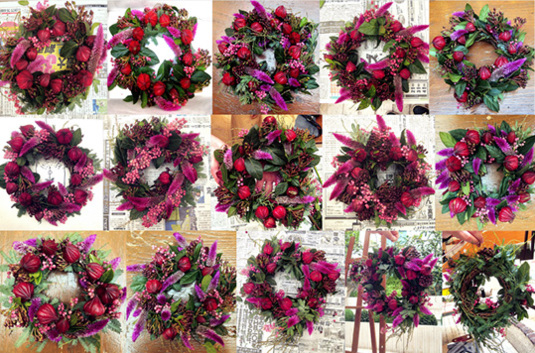 左上から、先生の見本、先生が講座中にササッと作ったリース、CROSS FMの妖精が苦戦中の手w
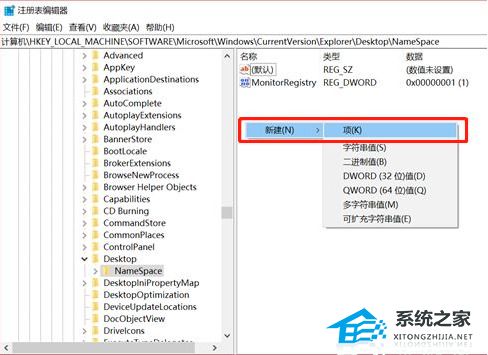 5、在展示界面的右侧空白区域右击,新建“项”。
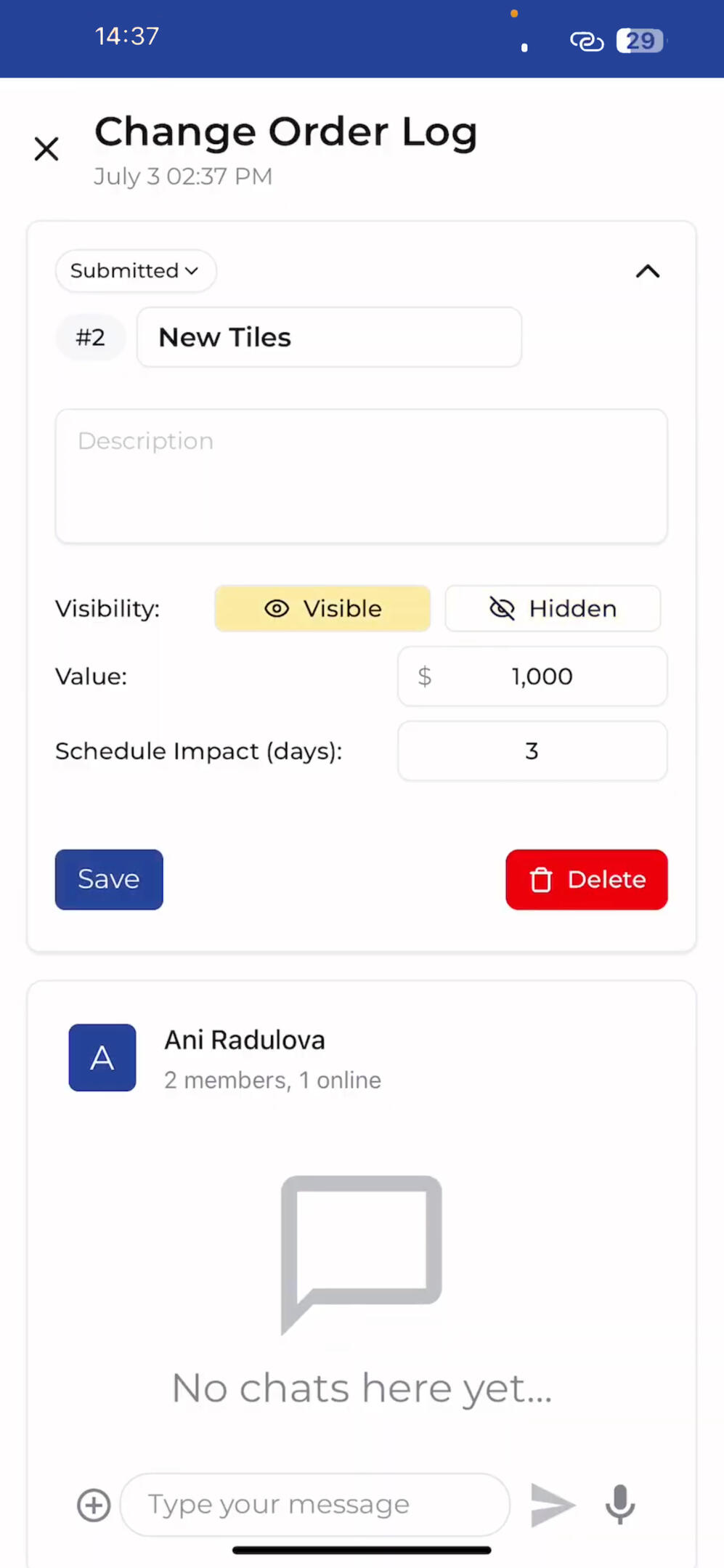 Keep change orders hidden (not visible to client) until they are ready for submission.
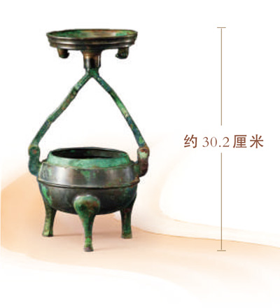 1974年出土于甘肃省平凉市庙庄村战国秦墓的鼎形铜行灯,现藏于甘肃省博物馆。它由盖、键、耳、身4部分组成,支起时高约30.2厘米,收合时仅高约16.7厘米,口径11.3厘米,小巧便携,是战国贵族出行时的重要照明器具。
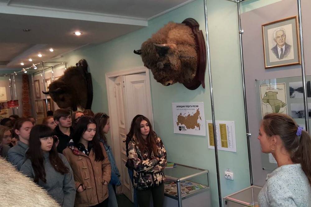 Специалист отдела экологического просвещения Екатерина Макасеева рассказала студентам первого и четвёртого курсов о том, какие мероприятия проводит заповедник в Год экологии и к 100-летию заповедной системы России. Доцент кафедры биотехнологии и микробиологии Валентина Скорбач провела для первокурсников занятие по ботанике, а бакалавры четвёртого курса вместе с заведующей кафедрой Еленой Думачёвой – практическую работу по дисциплине «Биологические ресурсы».
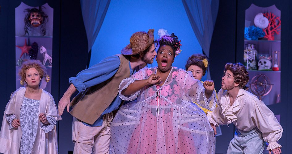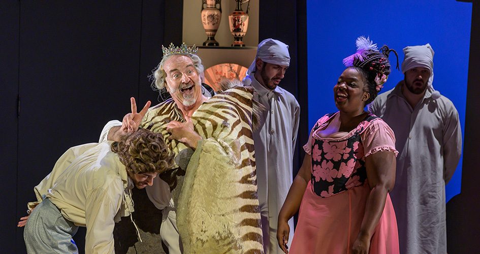 Sur des airs de Rameau, Charpentier ou Montéclair, chanteurs et musiciens s’en donnent à cœur joie pour inventer un spectacle aussi fou que le Baron. Les costumes sont magnifiques, les voix somptueuses – dans le rôle de la femme du Baron, la soprano Axelle Fanyo fait des étincelles – et tout dans ce spectacle n’est qu’espièglerie et trouvailles scéniques : un enchantement !
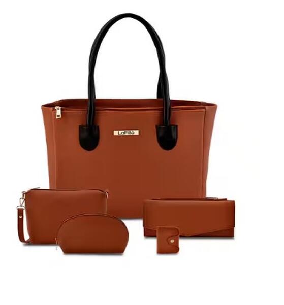 message rohinee about this ad It's Combo of 5 pieces that include Main bag, Cross Body Bag, Pouch, Wallet & Card Holder Faux Leather Inner Material: Premium Cotton Spacious & International Design: The Handbag has open area inside it,which can be able to organize your items in it nicely Outer Material: High Premium Quality Faux Leather Height: 28 cm Wipe with clean, dry cloth httpsajiio.in/e088BYt |
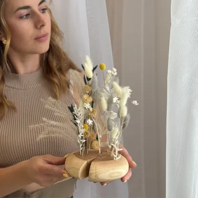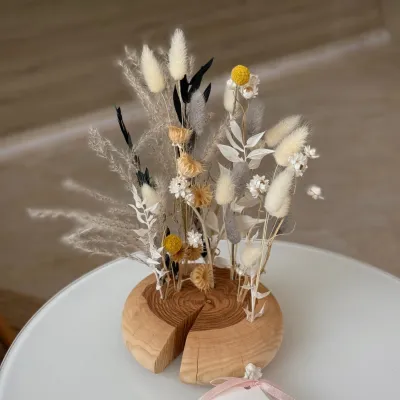 Декор- натуральні сухоцвіти в пастельних та сірих відтінках.
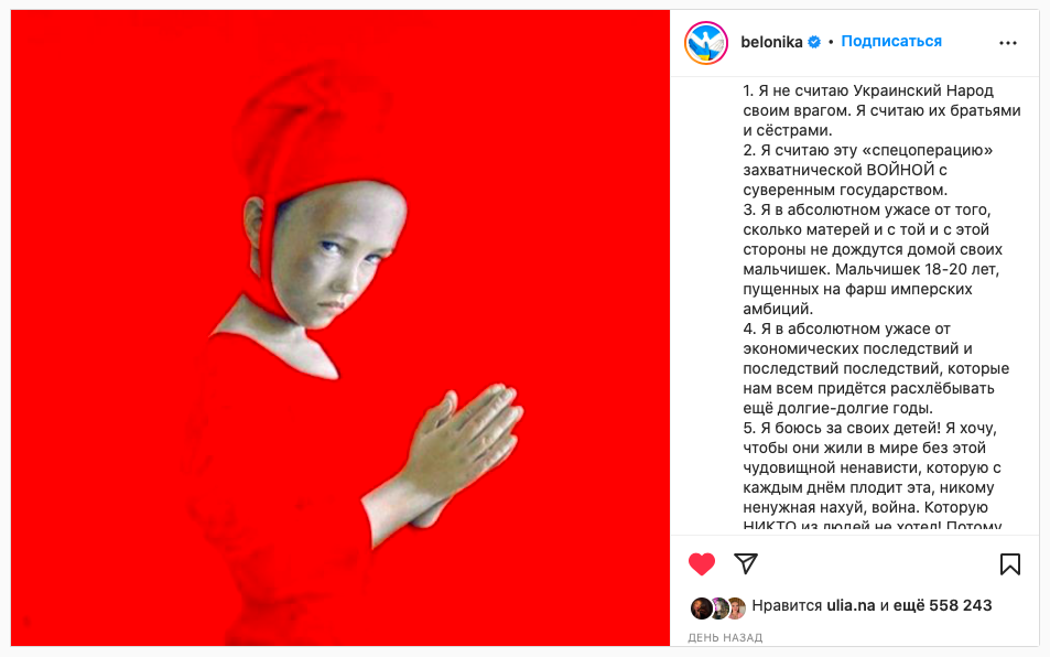 "Я вас очень прошу, те, кто может остановить этот ужас. Ведь мы все маленькие люди, мы ничего не можем, но есть люди, которые вершат судьбы и которые могут сделать все, чтобы весь этот ад закончился. Это глобальная катастрофа для всего мира, и к чему мы придем, непонятно. Наша жизнь на волоске, жизнь всех нас на волоске, а Украина с каждой секундой теряет людей. Но мы же все хотим мира, люди на планете хотим мира. Среди моих подписчиков 10 миллионов россиян. Я вас очень прошу, я умоляю — давайте все остановимся", — сказала артистка.
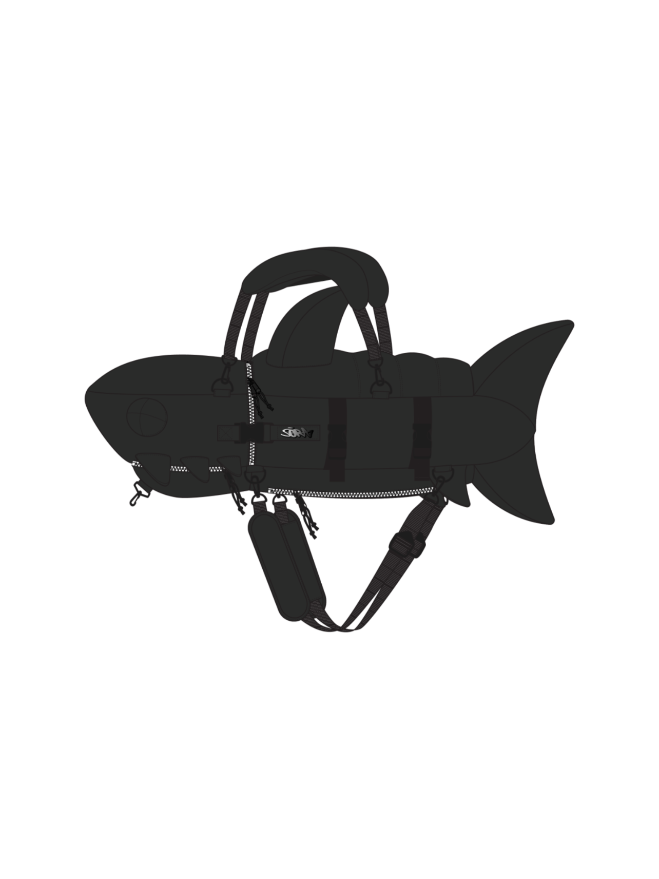 You can wear it in two ways: as a backpack or a regular bag with detachable straps. It has one big pocket that takes up the entire space inside the shark, and a small pocket on the bottom where you can store the removed strap set or small belongings like a phone.
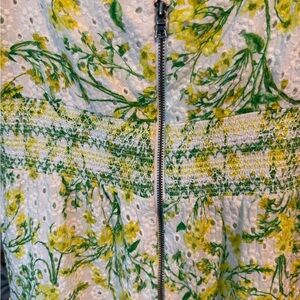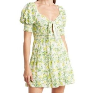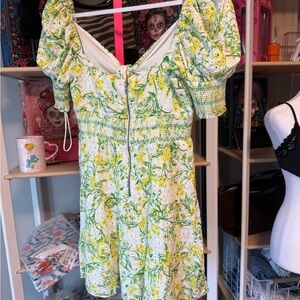 Alice + Olivia . Measurements are 17 1/2 ptp. 14 inch waist and from stretchy waist part to length is 17 inches. Embrace elegance with this floral puff sleeve mini dress. Perfect for any occasion, this dress features a charming floral pattern in green and yellow hues. The puff sleeves add a touch of sophistication, making it a must-have for your wardrobe. NWOT . Callout is the brand Tag is cut out as well as size tag. I’ve measured so check your measurements. No returns, refunds, and or regrets 💐
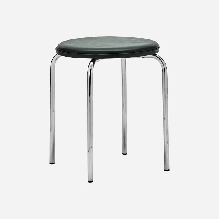 With a modern chrome frame and deep green faux leather seat, this stool adds a pop of timeless style wherever you place it. Enjoy as an eye-catching feature in your bedroom, hallway, or at the dining table.

THE TASK> The listing is to be repeated exactly, with its pictures removed.

TASK RESULT>
 左上から、先生の見本、先生が講座中にササッと作ったリース、CROSS FMの妖精が苦戦中の手w
 5、在展示界面的右侧空白区域右击,新建“项”。
 Keep change orders hidden (not visible to client) until they are ready for submission.
 1974年出土于甘肃省平凉市庙庄村战国秦墓的鼎形铜行灯,现藏于甘肃省博物馆。它由盖、键、耳、身4部分组成,支起时高约30.2厘米,收合时仅高约16.7厘米,口径11.3厘米,小巧便携,是战国贵族出行时的重要照明器具。
 Специалист отдела экологического просвещения Екатерина Макасеева рассказала студентам первого и четвёртого курсов о том, какие мероприятия проводит заповедник в Год экологии и к 100-летию заповедной системы России. Доцент кафедры биотехнологии и микробиологии Валентина Скорбач провела для первокурсников занятие по ботанике, а бакалавры четвёртого курса вместе с заведующей кафедрой Еленой Думачёвой – практическую работу по дисциплине «Биологические ресурсы».
 Sur des airs de Rameau, Charpentier ou Montéclair, chanteurs et musiciens s’en donnent à cœur joie pour inventer un spectacle aussi fou que le Baron. Les costumes sont magnifiques, les voix somptueuses – dans le rôle de la femme du Baron, la soprano Axelle Fanyo fait des étincelles – et tout dans ce spectacle n’est qu’espièglerie et trouvailles scéniques : un enchantement !
 message rohinee about this ad It's Combo of 5 pieces that include Main bag, Cross Body Bag, Pouch, Wallet & Card Holder Faux Leather Inner Material: Premium Cotton Spacious & International Design: The Handbag has open area inside it,which can be able to organize your items in it nicely Outer Material: High Premium Quality Faux Leather Height: 28 cm Wipe with clean, dry cloth httpsajiio.in/e088BYt |
 Декор- натуральні сухоцвіти в пастельних та сірих відтінках.
 "Я вас очень прошу, те, кто может остановить этот ужас. Ведь мы все маленькие люди, мы ничего не можем, но есть люди, которые вершат судьбы и которые могут сделать все, чтобы весь этот ад закончился. Это глобальная катастрофа для всего мира, и к чему мы придем, непонятно. Наша жизнь на волоске, жизнь всех нас на волоске, а Украина с каждой секундой теряет людей. Но мы же все хотим мира, люди на планете хотим мира. Среди моих подписчиков 10 миллионов россиян. Я вас очень прошу, я умоляю — давайте все остановимся", — сказала артистка.
 You can wear it in two ways: as a backpack or a regular bag with detachable straps. It has one big pocket that takes up the entire space inside the shark, and a small pocket on the bottom where you can store the removed strap set or small belongings like a phone.
 Alice + Olivia . Measurements are 17 1/2 ptp. 14 inch waist and from stretchy waist part to length is 17 inches. Embrace elegance with this floral puff sleeve mini dress. Perfect for any occasion, this dress features a charming floral pattern in green and yellow hues. The puff sleeves add a touch of sophistication, making it a must-have for your wardrobe. NWOT . Callout is the brand Tag is cut out as well as size tag. I’ve measured so check your measurements. No returns, refunds, and or regrets 💐
 With a modern chrome frame and deep green faux leather seat, this stool adds a pop of timeless style wherever you place it. Enjoy as an eye-catching feature in your bedroom, hallway, or at the dining table.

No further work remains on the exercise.